To make Sunomono Japanese Cucumber Salad, prepare the ingredients as listed. These ingredients are basic.

Wakame seaweed, ginger and sesame oil are also sometimes included to add flavor or healthiness to the salad.

Cut the cucumbers as thin as possible. If you are using thick-skinned greenhouse cucumbers, completely or partially remove the skin beforehand.

Add salt to the cucumber pieces and mix well. Leave it on for a few minutes for the cucumbers to juice. I leave it for 5-7 minutes.

In the meantime, prepare a salad dressing. Combine soy sauce, vinegar, sugar and stir well until sugar dissolves.
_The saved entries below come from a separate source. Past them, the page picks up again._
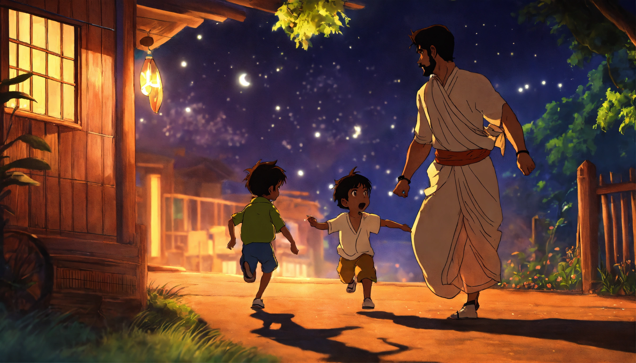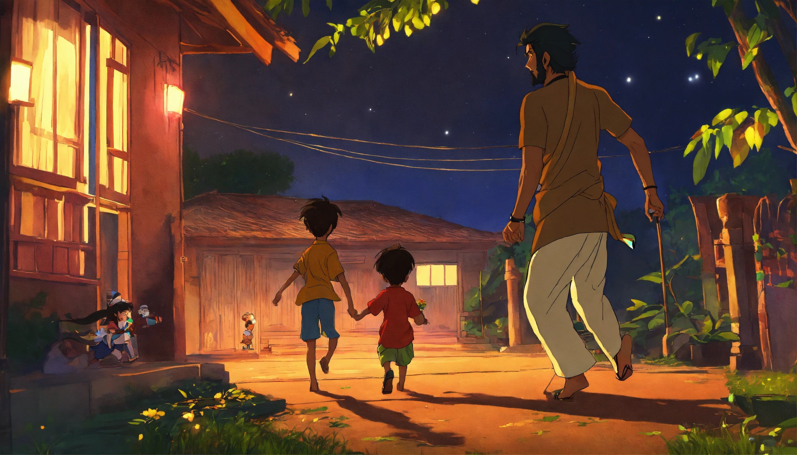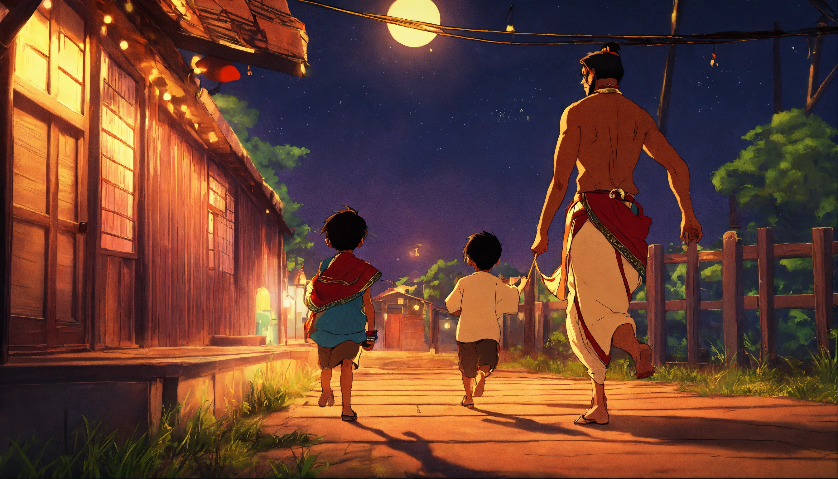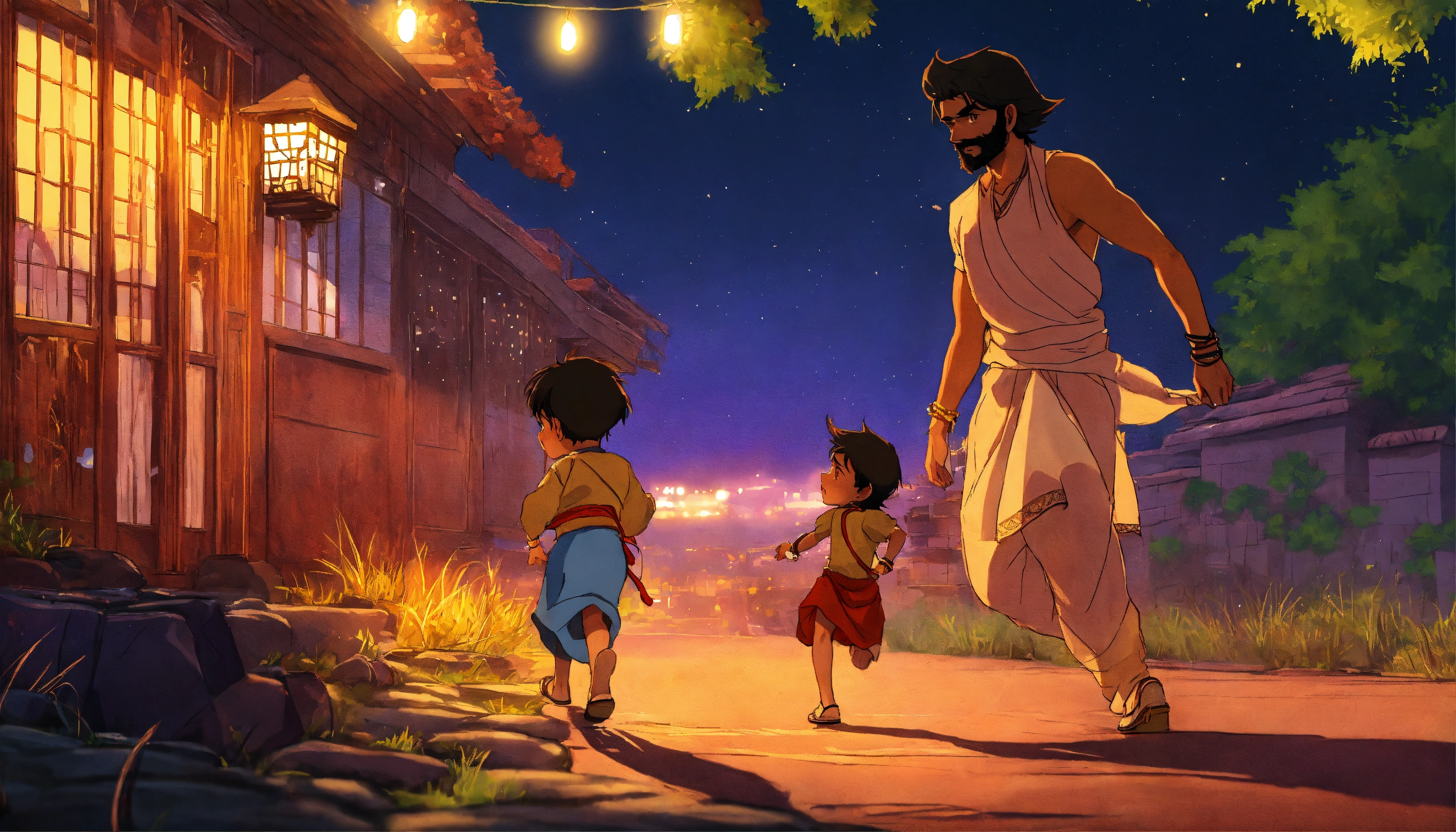 An anime-style picture of a indian dad chasing his little indian boy in the night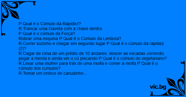 R:Tomar um onibus de canudinho P:Qual é o Cúmulo dos cumulos dos cumulos?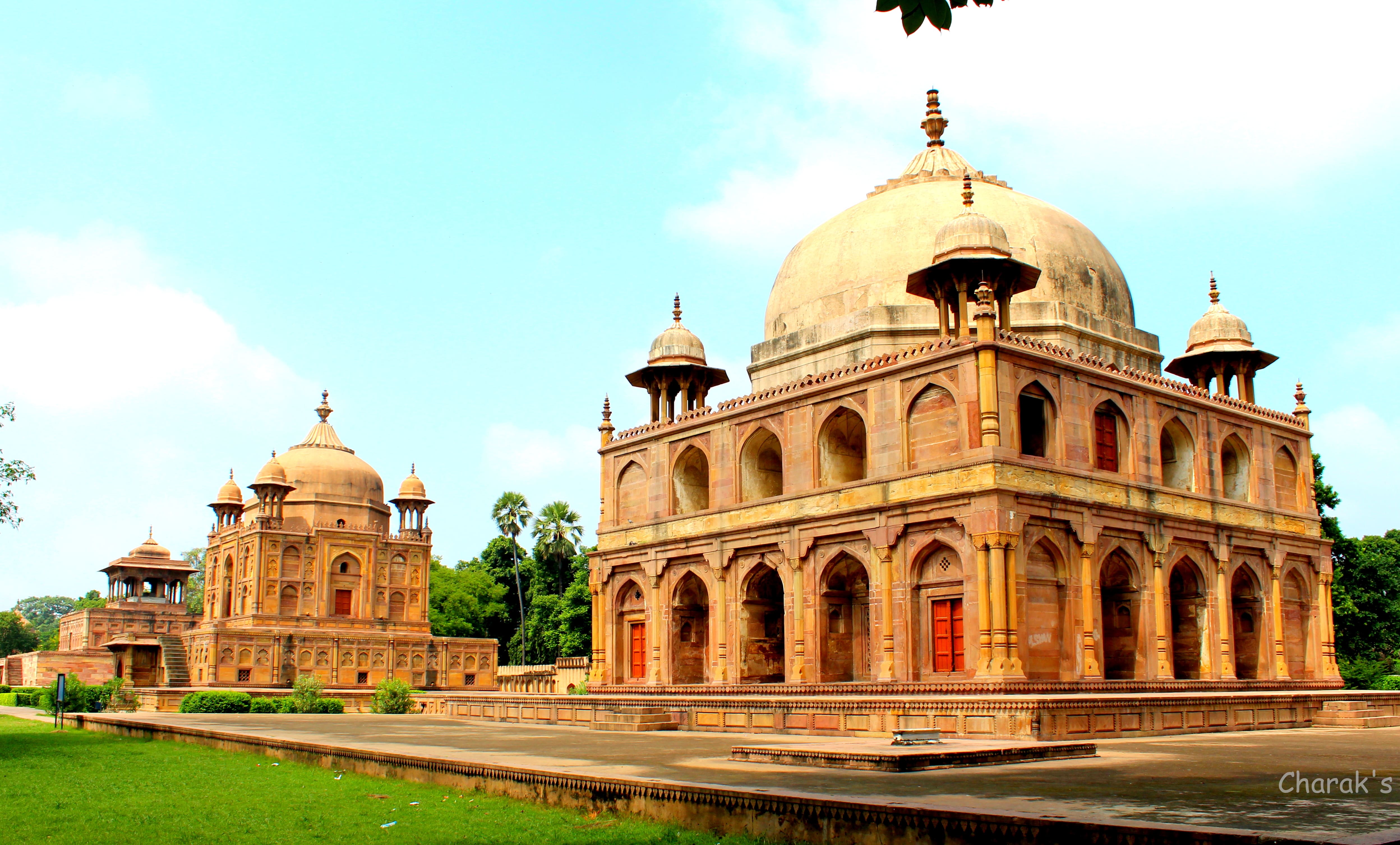 The garden holds three main sandstone mausoleums dedicated to Shah Begum, Prince Khusro Mirza and Princess Nithar Begum, each showcasing detailed Mughal carvings, arches and domes.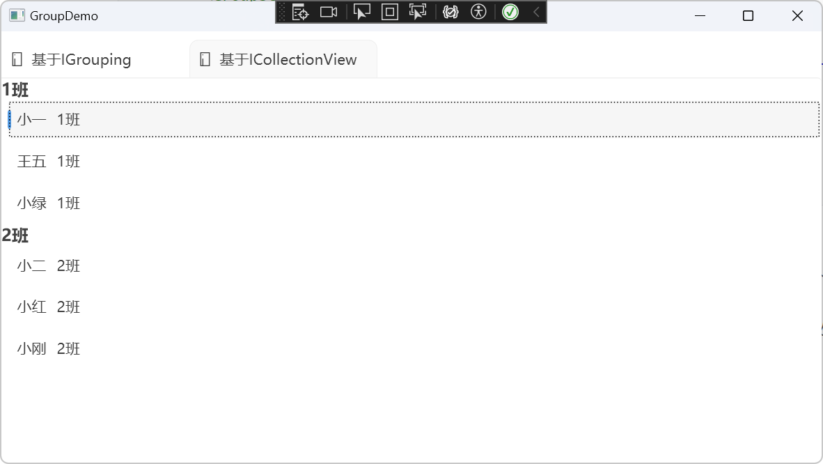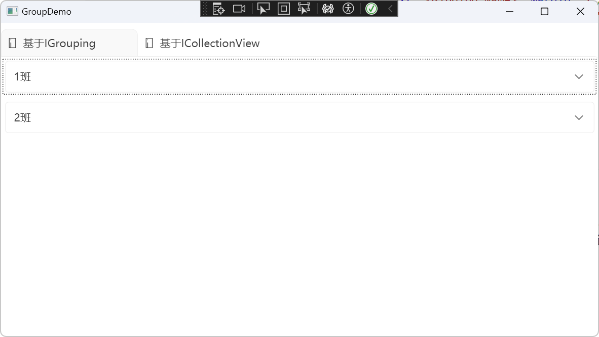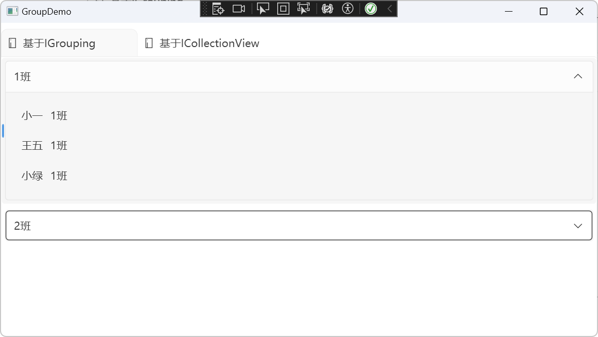 基于IGrouping的方案,在cs代码中,使用LinqGroupBy方法对People集合进行分组。在xaml代码中在ListView的数据模板中使用Expander控件绑定分组的Key属性,在Expander控件中再包含一个ListView控件,绑定每个分组中的数据项。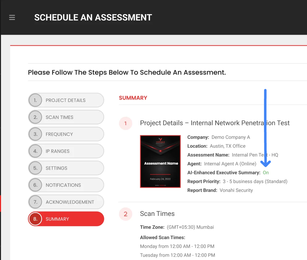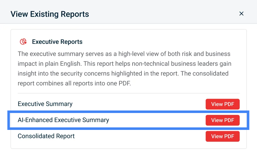 We’d love your feedback on the quality and value of the AI-Enhanced Executive Summary Report. To provide feedback, please log into vPenTest and visit: Feedback for AI-Enhanced Executive Summary Report.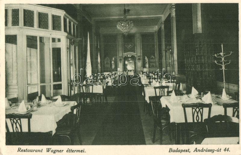 Budapest VI. Wágner éttermei, belső. Andrássy út 44. (EK) https://www.darabanth.com/hu/298-Gyorsarveres/298.0/Kepeslapok/Magyarorszag~200006/Budapest-VI-Wagner-ettermei-belso-Andrassy-ut-44-EK~II1594926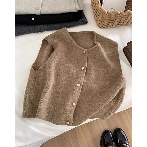 Per donna Felpa Gilet Vintage Moda Streetwear Tinta unica Scollo a V Bottoni Lavorato a maglia Senza Maniche Top Regolari Maglia Quotidiano Ferie Uscire Nero Albicocca Primavera Autunno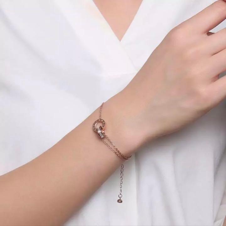 女性らしい華奢な雰囲気でありつつ、ローマ数字ツーリング&ラインストーンのダブルリングが高級感溢れるアイテム。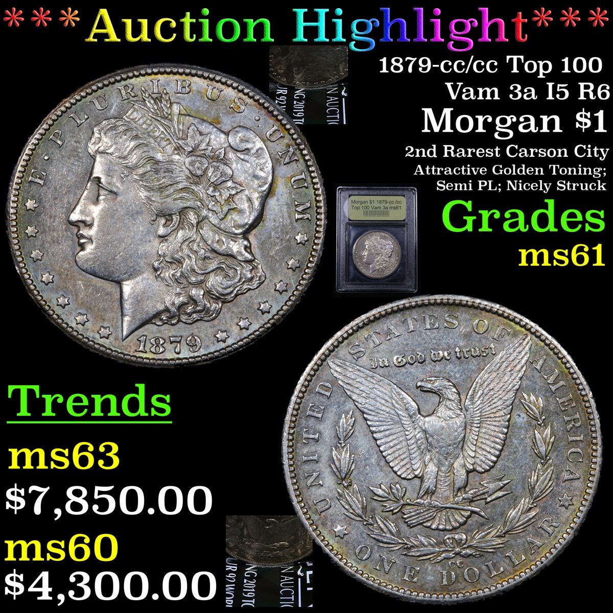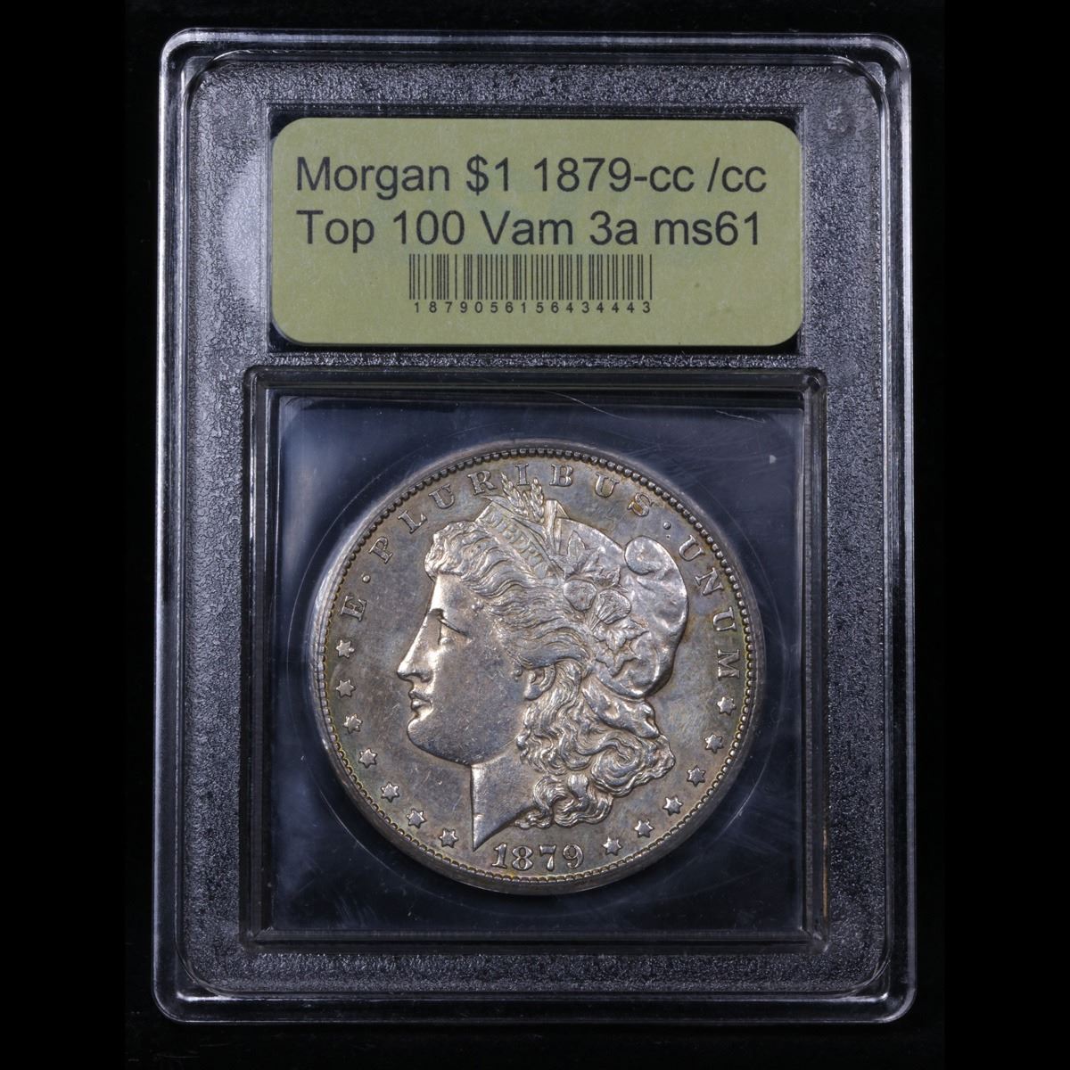 ***Auction Highlight*** 1879-cc /cc Top 100 Vam 3a I5 R6 Morgan Dollar $1 Graded BU+ By USCG. Attractive golden toning highlight these semi proof like fields on this second scarcest Carson City Morgan. Attractive eye appeal, nicely struck. A great find for the high end Morgan Collector. A Corey's Pick, Bid to Win, Don't let it get Away, you might not find its equal Coin. I give this coin my highest recommendation

Add grated ginger, wakame seaweed, or sesame oil as desired. I prefer ginger, it gives the taste bright, slightly pungent notes.

Drain the juice from the cucumbers. Rinse with cold water and squeeze.

Add dressing.

Toss and sprinkle with toasted sesame seeds.

Sunomono Japanese cucumber salad is ready. Enjoy your meal!

The salad can be served immediately, but if you let it brew for 15-30 minutes, the taste will become even brighter.